Geologists and Oil and Gas regulators from several states are teaming up with Oklahoma agencies to study earthquakes and their connection to injection wells. The coalition recently met for the first time.
The coalition is called "States First," and its goal is to proactively research recent earthquakes and injection wells in multiple states to find common ground.
"It's really advantageous to the state's to get together and share information from Ohio all the way to Texas," said Mike Paque, Executive Director for the Ground Water Protection Council.

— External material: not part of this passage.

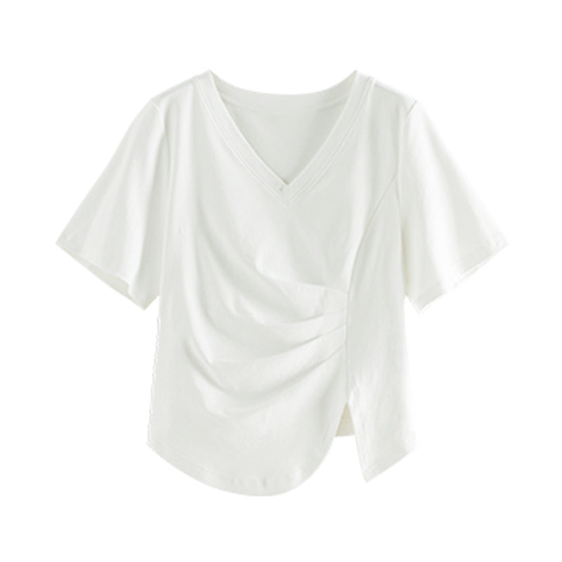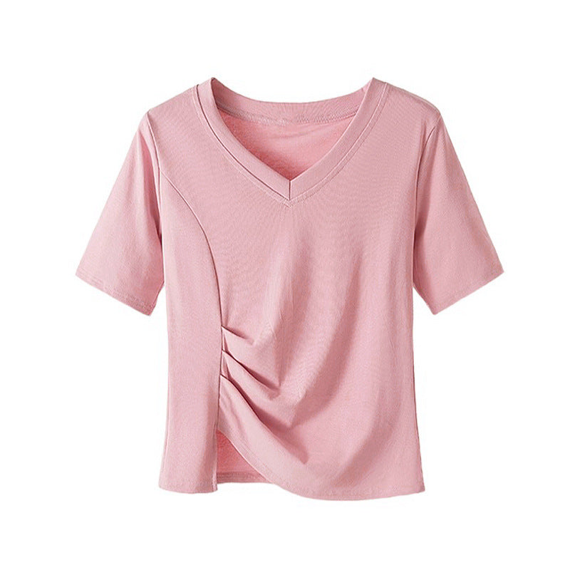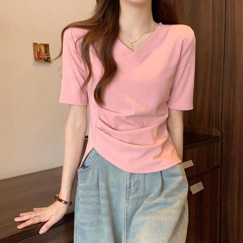Femme Entspanntes Passform Seitlich-Gerafftes V-Ausschnitt Oberteil Heidi-Mode

In order to take a deep look into induced seismicity, national agencies, such as the Ground Water Protection Council and the Interstate Oil and Gas Compact Commission recently formed the State's First initiative where groups from across the US talk about earthquakes and why they may be happening.
"The hope is that when the work group or after they get into a number of technical sessions that the states that are looking to make some changes will have the best amount of information available," Paque said.

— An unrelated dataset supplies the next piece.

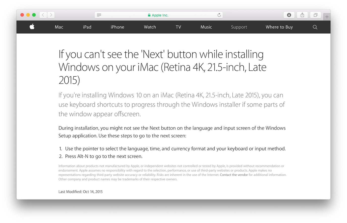 AppleがiMac (Retina 4K, 21.5-inch, Late 2015)にWindowsをインストールするさい「次へ」ボタンが表示されない不具合があるとサポートページを公開しています。詳細は以下から。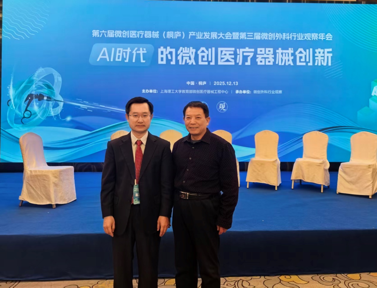 12月13日—14日,韩玉民一行赴桐庐县参加第六届微创医疗器械(桐庐)产业发展大会,深入调研了医疗器械行业发展趋势,并与多家企业就人才培养、实习就业、用人需求、科研合作等开展深入交流,拓展实习就业渠道,调研医疗器械专业建设需求。期间与上海理工大学教育部微创医疗器械工程研究中心常务副主任宋成利教授进行了深入交流,宋成利对我院升研学生质量给予充分肯定,希望有更多学生报考。并介绍了微创医疗器械产业发展趋势、医疗器械相关专业建设方向等,同时希望双方能在专业建设与人才培养等方面开展深入合作。

Scientists and state regulators met here at the Ground water council to go over charts, maps and exchange ideas.
Kim Hatfield of the Oklahoma Independent Petroleum Association says the joint-research will show there are multiple reasons behind the uptick in earthquakes.

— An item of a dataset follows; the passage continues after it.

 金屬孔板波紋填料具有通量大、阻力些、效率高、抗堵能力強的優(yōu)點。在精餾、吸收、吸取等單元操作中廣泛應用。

"Now we have an increase in activity, it's easy to say ‘Oh well, that must be the oil business' because it happened near an oil field well we produce oil in 70 of 77 counties, so it's hard to do anything in Oklahoma that's not near an oilfield," said Kim Hatfield, OIPA Regulatory Chair.
Bringing the best of the best from various fields is the aim for the new coalition. The coalition plans to expand the group to add more scientists and more states, such as California and Illinois.
All the agencies plan meet up again in Biloxi, Mississippi on May 18.